▶ **Exercise directions**
Find the line containing "Wall mounted toilet" in the entries below. Restate it and each line after it, word for word, up to and including the line containing "这款衣服是AAAAA 1:1 质量".

[[ Given data open ]]

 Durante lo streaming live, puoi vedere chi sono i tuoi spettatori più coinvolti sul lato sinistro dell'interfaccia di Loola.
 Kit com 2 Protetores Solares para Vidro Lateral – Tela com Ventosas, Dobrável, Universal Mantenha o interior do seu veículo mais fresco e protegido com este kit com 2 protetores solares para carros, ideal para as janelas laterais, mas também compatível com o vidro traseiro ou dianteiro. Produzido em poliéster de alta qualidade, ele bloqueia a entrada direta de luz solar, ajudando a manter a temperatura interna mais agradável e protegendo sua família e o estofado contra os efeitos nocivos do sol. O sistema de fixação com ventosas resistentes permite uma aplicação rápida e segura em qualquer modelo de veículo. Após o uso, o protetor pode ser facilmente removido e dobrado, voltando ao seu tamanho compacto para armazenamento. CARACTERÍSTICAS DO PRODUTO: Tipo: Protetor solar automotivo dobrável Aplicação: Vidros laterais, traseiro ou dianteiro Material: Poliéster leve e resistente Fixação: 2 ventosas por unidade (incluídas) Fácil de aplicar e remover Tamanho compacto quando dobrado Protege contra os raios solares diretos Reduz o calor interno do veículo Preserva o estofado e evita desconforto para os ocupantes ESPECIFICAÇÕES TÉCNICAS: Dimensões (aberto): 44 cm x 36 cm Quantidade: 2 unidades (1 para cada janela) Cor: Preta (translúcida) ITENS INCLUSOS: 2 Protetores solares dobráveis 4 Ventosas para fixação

[[ Given data closed ]]
[[ Given data open ]]

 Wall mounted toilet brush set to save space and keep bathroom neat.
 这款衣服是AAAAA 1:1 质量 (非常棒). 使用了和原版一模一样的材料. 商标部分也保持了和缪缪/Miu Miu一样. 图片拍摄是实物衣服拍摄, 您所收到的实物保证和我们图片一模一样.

[[ Given data closed ]]
[[ Given data open ]]

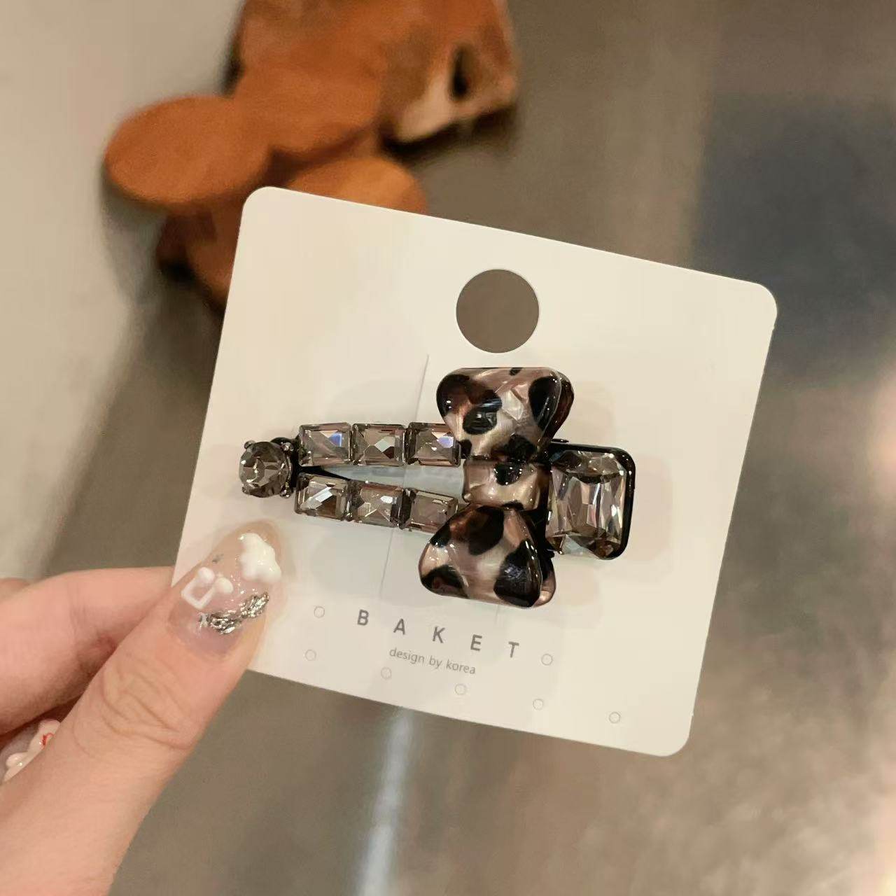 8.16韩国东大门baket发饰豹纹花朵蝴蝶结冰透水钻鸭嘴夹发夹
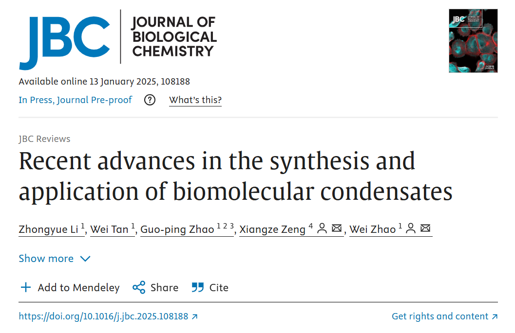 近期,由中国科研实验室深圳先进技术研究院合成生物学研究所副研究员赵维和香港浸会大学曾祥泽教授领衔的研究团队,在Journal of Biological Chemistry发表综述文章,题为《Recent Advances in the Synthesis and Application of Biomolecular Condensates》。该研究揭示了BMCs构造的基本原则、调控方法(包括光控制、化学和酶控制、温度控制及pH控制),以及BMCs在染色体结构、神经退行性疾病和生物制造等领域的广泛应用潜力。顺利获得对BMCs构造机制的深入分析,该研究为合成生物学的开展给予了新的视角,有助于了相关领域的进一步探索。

[[ Given data closed ]]

▶ **Problem solution**
 Wall mounted toilet brush set to save space and keep bathroom neat.
 这款衣服是AAAAA 1:1 质量 (非常棒). 使用了和原版一模一样的材料. 商标部分也保持了和缪缪/Miu Miu一样. 图片拍摄是实物衣服拍摄, 您所收到的实物保证和我们图片一模一样.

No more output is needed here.